---- Data records

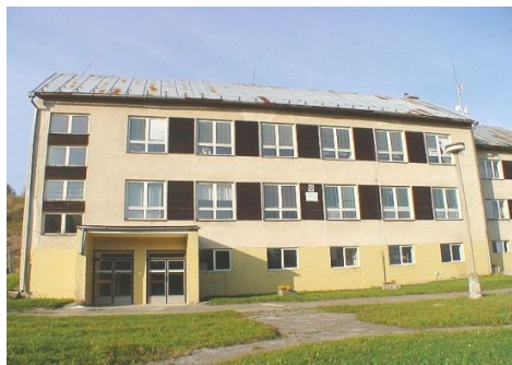
Základná škola s materskou školou

V súčasnosti výchovu a vzdelávanie detí v obci poskytuje len materská škola. V základnej škole od 1.9.2013 neprebíhal vyučovací proces a k 31.8.2014 bola základná škola s materskou školou vyradená zo siete škôl. Do siete škôl bola k 1.9.2014 zaradená materská škola bez právnej subjektivity a školská jedáleň.
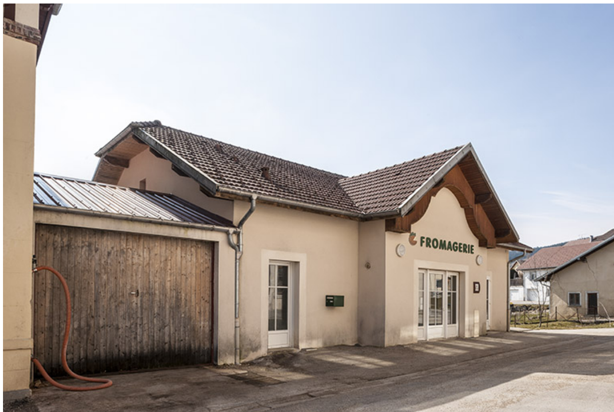
Nouvelle fromagerie vue de trois quarts gauche.
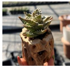
アロエ翡翠殿（ひすいでん）
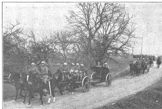
Artillerie auf dem Marsch.

Heute hat die Artillerie der französischen Infanteriedivision neun 7,5 cm Kanonenbatterien und sechs 15,5 cm Haubitzbatterien, die Korpsartillerie neun 10 cm Kanonenbatterien und sechs 15 cm Kanonenbatterien. In
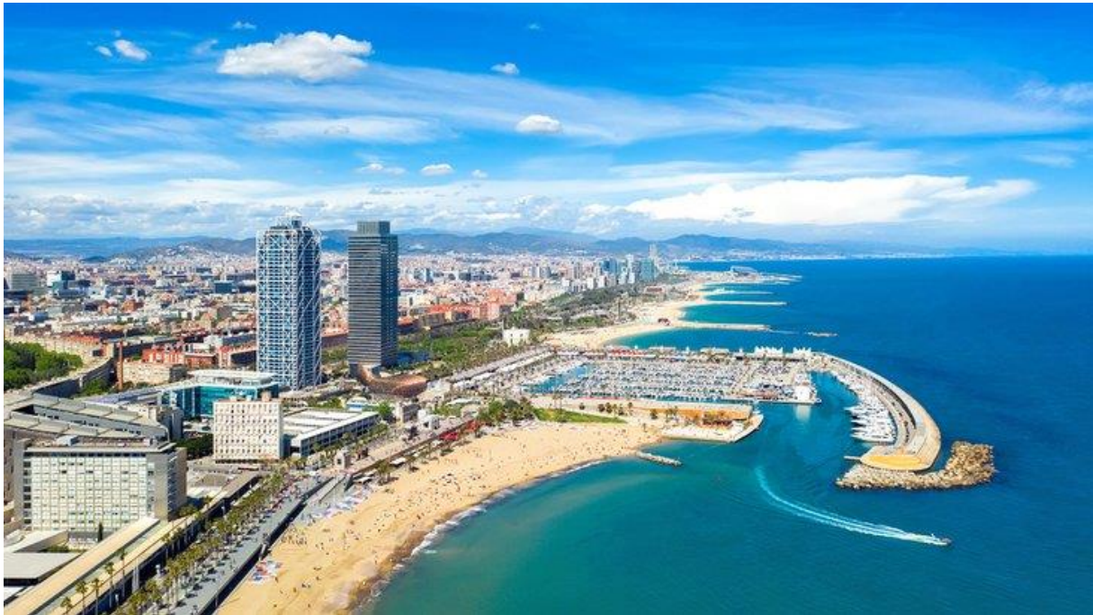
Slika 5. Plaže Barcelone
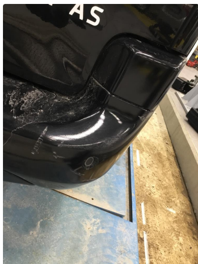
1.1 Generelt mye overflate-riper
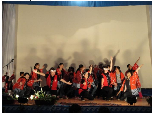
Танец «Соран», в исполнении японских волонтеров ЛСА, учеников Чолпонатинских школ и барабанщиков «Оозодайко»
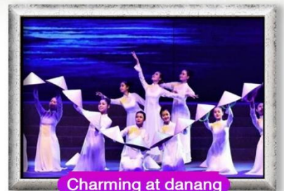
Charming at danang
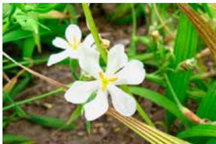
Eleutherine bulbosa (Mill.) Urb.
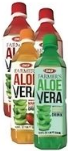
OKF Farmers Bebidas Aloe Vera Variedad Bot. de 16.9 oz. Reg. $1.69 c/u Especial $1.25 c/u
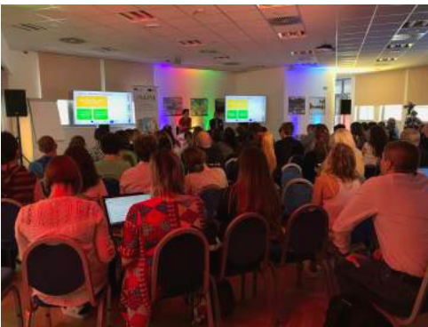
June, 3 rd
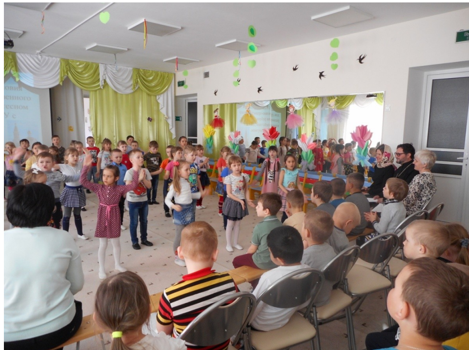
Встреча со служителями храма.
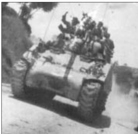
Nella foto: primo carroarmato entrato a Civitanova Alta - giugno 1944
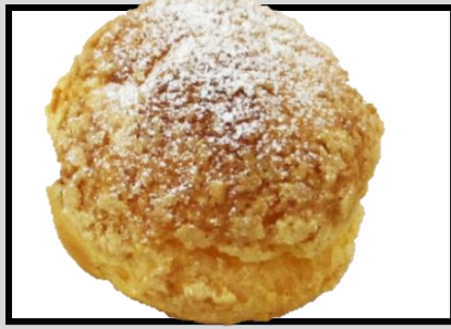
ビスケットシュー ¥200 皮はサク!クリームとろ〜り 一番人気商品です★
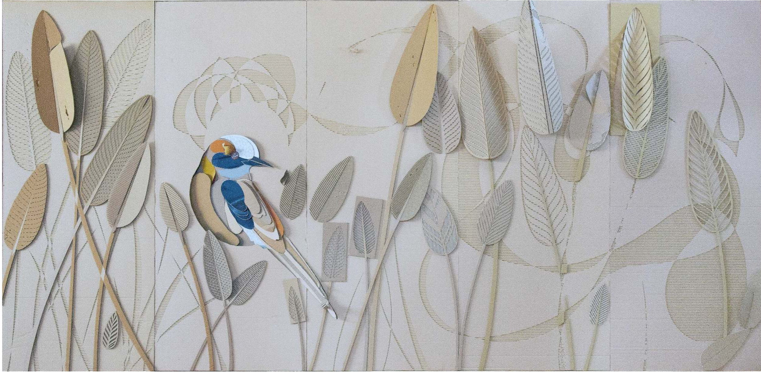
El escondite del florero Cartón calado y pintura acrílica 360 x 176 cm 2026
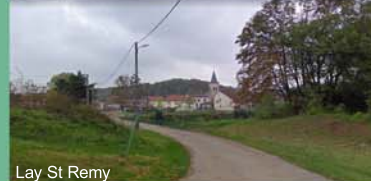
Lay St Remy
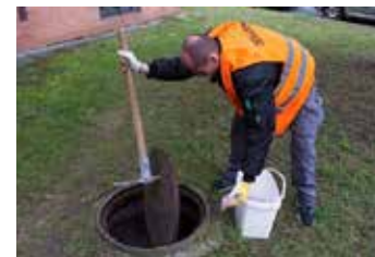
Pravidelná deratizace.
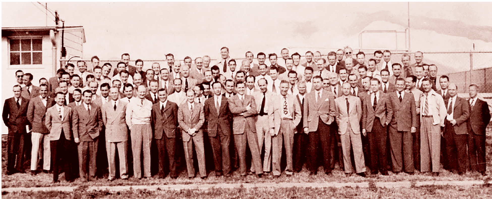
Операция «Скретка». Группа из 104 ракетостроителей в Форт Блисс, Техас. 35 из них работало в White Sands Proving Grounds, Нью-Мексико

1952 года. При этом Хант, Мерчисон и Ричардсон были вполне вхожи в дом Линдона Джонсона, а Дж. Эдгар Гувер был его ближайшим соседом.
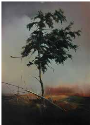
Sosna, 1987 Olej, płótno, 120 x 84 cm BWA nr inw. 660
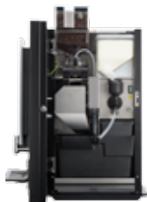
OB 2 (XL) NG
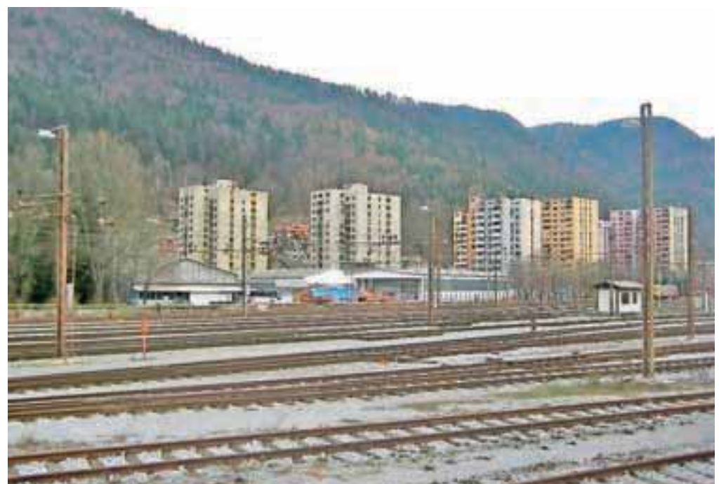
Jeseniška stvarnost: številni železniški tiri, industrijske dvorane in stanovanjske stolpnice

Revitalizacijo opuščanih industrijskih območij na območju Stare Save danes v slovenskem prostoru navaja kot primer uspešne oživitve mesta. Čeprav je historični del (Bucelleni-Ruardova graščina, cerkev Marijinega vnebovzetja in ostanki plavža in pudlovke) ostal nezaključen in je bila večina objektov obnovljena predvsem na račun novih trgovskih centrov, pa je Stara Sava na nek-
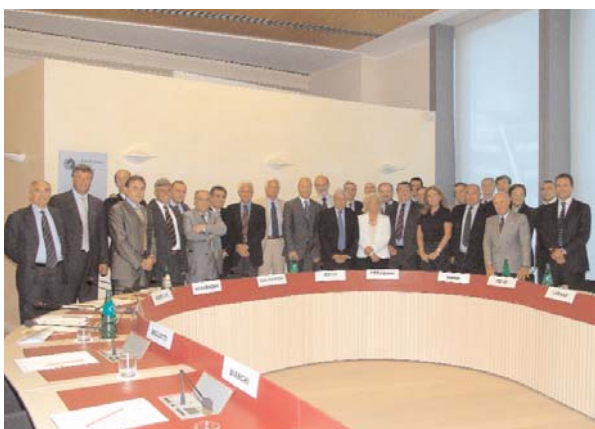
10 luglio 2006: il presidente della Regione Roberto Formigoni insieme ai componenti del nuovo Consiglio Generale di Fondazione Fiera Milano; in basso, la prima riunione.
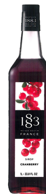
Ø ŻURAWINOWY I136:13792
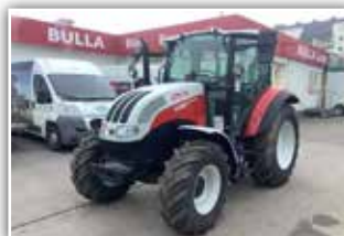
STEYR Kompakt 4080 , Neumaschine, Stufe V, 12/12 Synchro Shuttle, 4x DW mit Kreuzhebel, 2x Zusatzhubzylinder, Bereifung 380/85 R20 vorne und 420/85 R30 hinten, Luftsitz, Klima, MHR
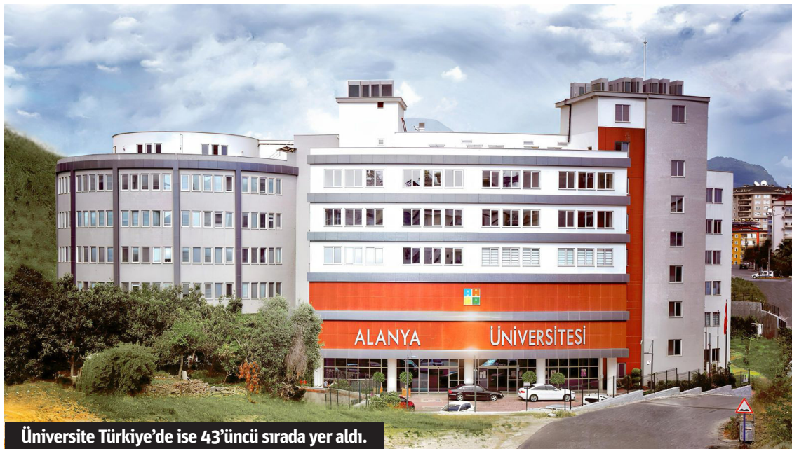
Üniversite Türkiye'de ise 43'üncü sırada yer aldı.

Mali sürdürülebilirlik açısından da değer-
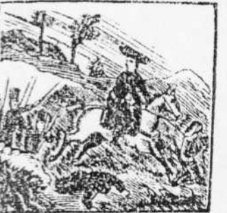
13. El valiente Catalan, pone en completa dorreta al Cabecilla Tristany.

--------

### Task item
Reproduce exactly, and only, the lines that begin at the one containing "Revitalizacijo opuščanih industrijskih" and end with the final line of the data, both included, while omitting every picture.

### Worked solution
Revitalizacijo opuščanih industrijskih območij na območju Stare Save danes v slovenskem prostoru navaja kot primer uspešne oživitve mesta. Čeprav je historični del (Bucelleni-Ruardova graščina, cerkev Marijinega vnebovzetja in ostanki plavža in pudlovke) ostal nezaključen in je bila večina objektov obnovljena predvsem na račun novih trgovskih centrov, pa je Stara Sava na nek-
10 luglio 2006: il presidente della Regione Roberto Formigoni insieme ai componenti del nuovo Consiglio Generale di Fondazione Fiera Milano; in basso, la prima riunione.
Ø ŻURAWINOWY I136:13792
STEYR Kompakt 4080 , Neumaschine, Stufe V, 12/12 Synchro Shuttle, 4x DW mit Kreuzhebel, 2x Zusatzhubzylinder, Bereifung 380/85 R20 vorne und 420/85 R30 hinten, Luftsitz, Klima, MHR
Üniversite Türkiye'de ise 43'üncü sırada yer aldı.

Mali sürdürülebilirlik açısından da değer-
13. El valiente Catalan, pone en completa dorreta al Cabecilla Tristany.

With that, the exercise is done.